Please note new evidence is coming in all the time, and I am currently investigating a suspicion, referred to me by another member of this forum who wishes to remain silent, that it may be no coincidence that all of W A Mozart's works and all of Beethoven's Opus works sum roughly to 750, which is the number easily traceable to Moxy. This, I think you will agree that even more staggeringly interesting possibilities open up, and we could be on the verge of the biggest breakthrough ever in musical research. Not only Luchesi but also two other iconic names of the late Classical and early Romantic era could be further under the spotlight soon. Of course, I make no wild claims at this stage based on mere speculation. However, this forum could become world famous for the announcement of news on further important breakthroughs in this sphere.

I will resume this story of deceit, bribery, and corruption - as we currently know it - very soon. The evidence is glaringly obvious of from whichever angle you view it. The huge controversy will continue to amaze you, and I trust what I have written above is succinct and directly answers all your questions thus far.

Best regards


----------



## Guest (Jun 13, 2007)

*MOXY - TODAY'S POST*

In response to my previous posts, I have received huge support, through private messages, from fellow forum members wishing me well in my campaign to promote "Moxy" as the true brains behind the fake reputation of Luchesi.

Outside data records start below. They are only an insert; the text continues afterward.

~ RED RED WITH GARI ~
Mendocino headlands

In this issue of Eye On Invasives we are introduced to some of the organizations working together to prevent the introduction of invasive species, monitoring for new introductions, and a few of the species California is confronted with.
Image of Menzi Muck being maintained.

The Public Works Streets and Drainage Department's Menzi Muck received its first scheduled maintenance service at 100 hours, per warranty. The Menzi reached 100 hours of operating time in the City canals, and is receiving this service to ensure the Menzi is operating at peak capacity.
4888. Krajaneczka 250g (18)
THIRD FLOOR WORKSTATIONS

However, I have to be fair in pointing that I have received one long-winded questioning message which concluded:



anon said:


> "So, you [expletive deleted] can you cut the cr..p and just gives us the evidence, or else go and "[expletive deleted] off".

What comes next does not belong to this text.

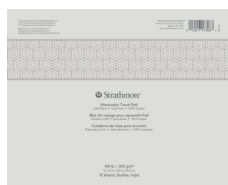
Strathmore Travel Series Watercolor cold press, 100% cotton 8 x 10"

I was flabbergasted at this post. I do wish people would not personalise the matter. However, my mission is too important to be be put off by such incidents, so I continue now to reveal further details on the scale of the unimaginable fraud and deception perpetrated by a cynical 18th century musical establishment and all the evil cover-ups since that time. The story is truly scandalous.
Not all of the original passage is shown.